2. Run the Docker container:

   docker run -d --name python-app -p 5000:5000 ahmedalaa14/flask-app-mini

3. Push Docker Image to DockerHub

   docker push ahmedalaa14/flask-app-mini

4. Access the application:

   Open your browser and navigate to http://localhost:5000.

Bouns In Docker

• we created a multi-stage dockerfile contains build stage and production stage.

• the benefits of that are Smaller Image Size, Faster Deployments, Improved Security and Better Caching.

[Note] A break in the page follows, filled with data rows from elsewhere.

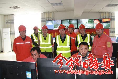 县委书记柯大成一行在华新水泥中控室了解企业生产运行情况
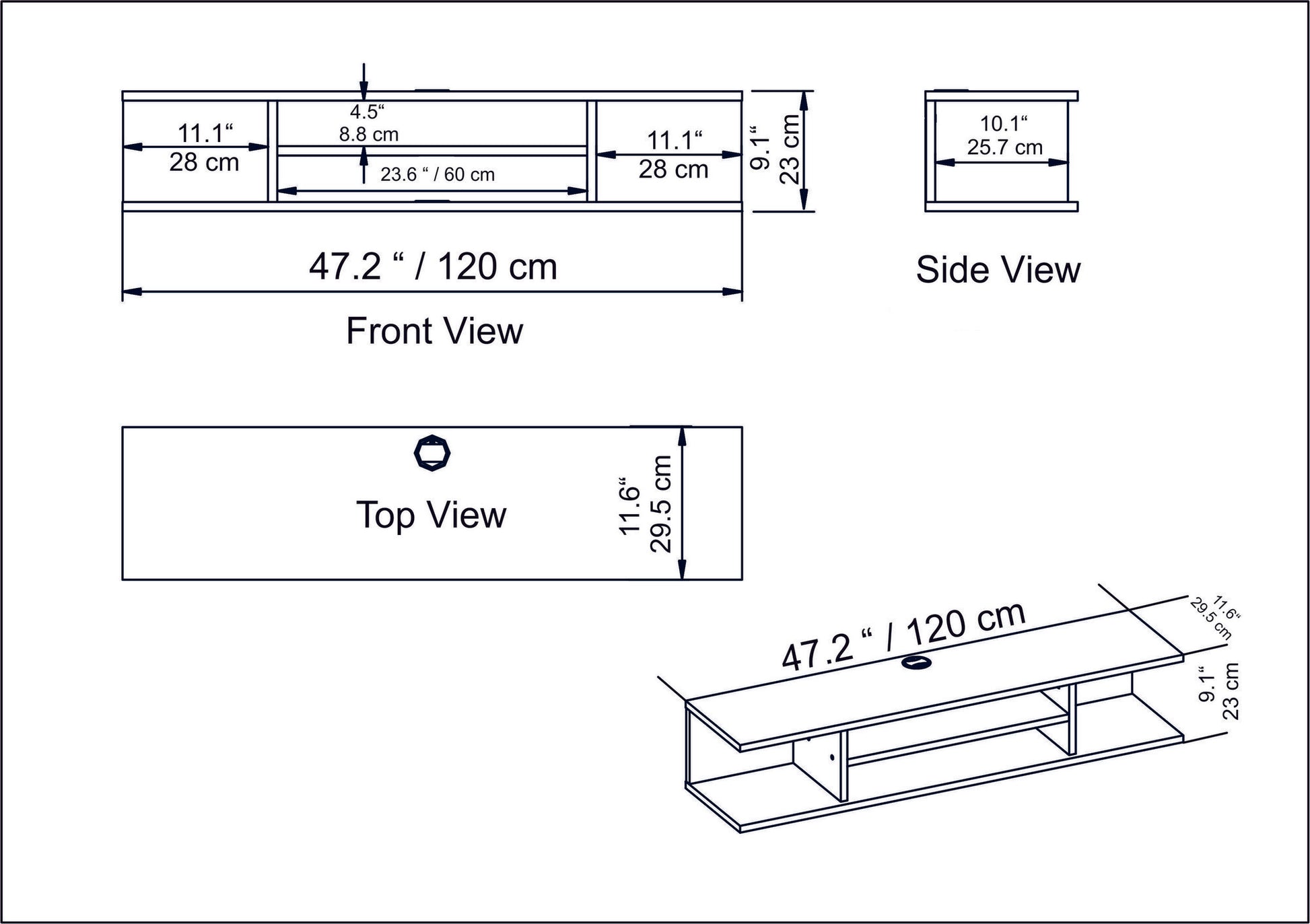 - Tamanho do suporte para TV: Largura: 120cm, Altura: 23cm, Profundidade: 29. 5cm
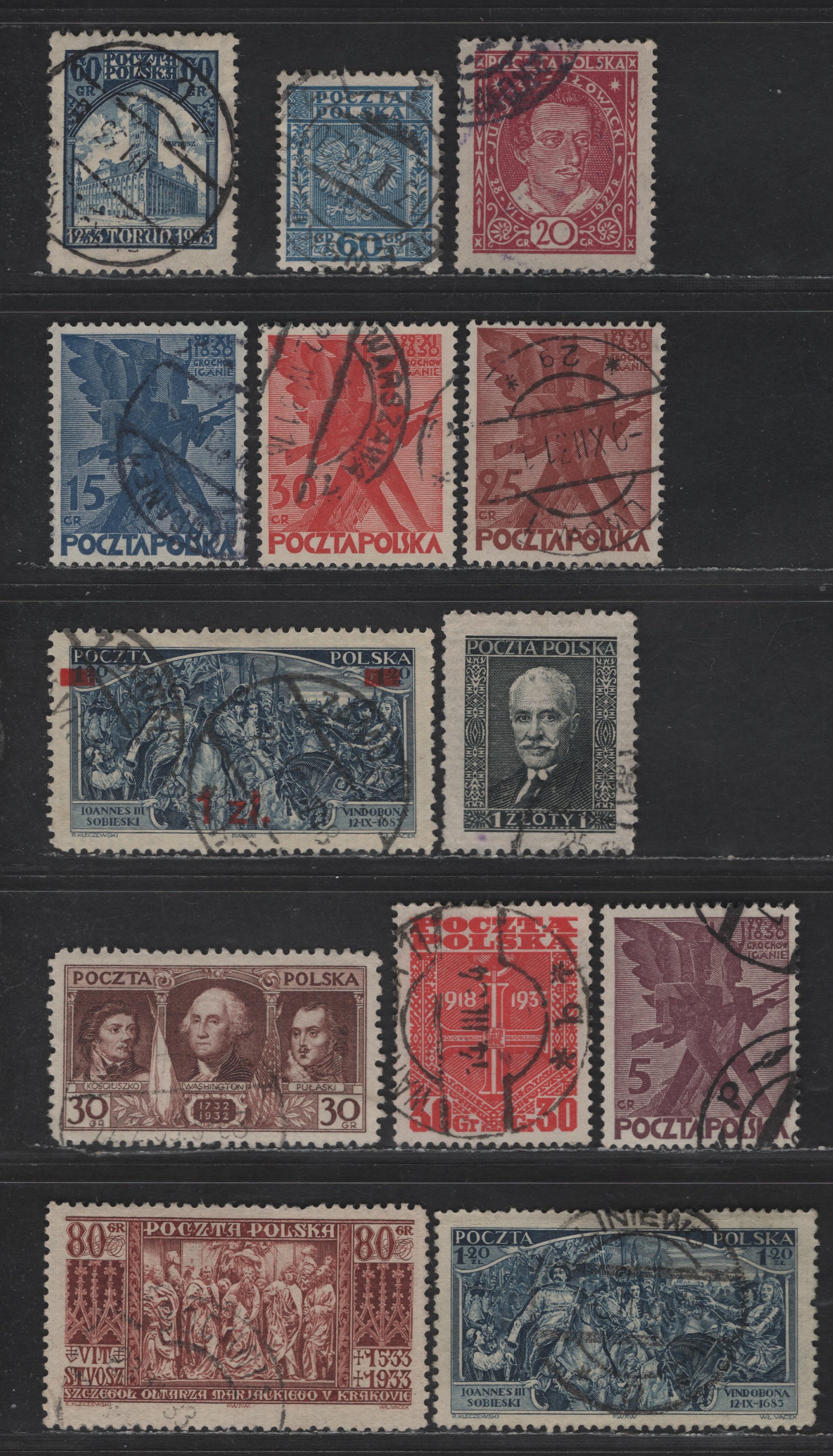 Poland SC#249, 255a, 263-267, 274, 277-279, 286 20g - 1x on 1.20z Rose - Indigo Juliusz Slowacki - John III Sobieski, 1927-1934 Juliusz Slowacki - John III Sobieski Issues, 12 Fine/Very Fine Used Singles

• Docker Image Before Multi Stage Dockerfile

• Docker Image After Multi Stage Dockerfile

Ansible (Bonus)

• created playbook.yml to automate the workflow of building, tagging, pushing Docker images to DockerHub, and deploying a container from the image.

---
- name: "Automate Docker Build using Ansible"
  hosts: localhost
  tasks:
  - name: stop running container 
    command: docker stop python-app
    ignore_errors: true

  - name: remove stopped container 
    command: docker rm python-app
    ignore_errors: true


  - name: remove used image 
    command: docker rmi ahmedalaa14/flask-app-mini
    ignore_errors: true

  - name: build new image 
    command: docker build -t ahmedalaa14/flask-app-mini .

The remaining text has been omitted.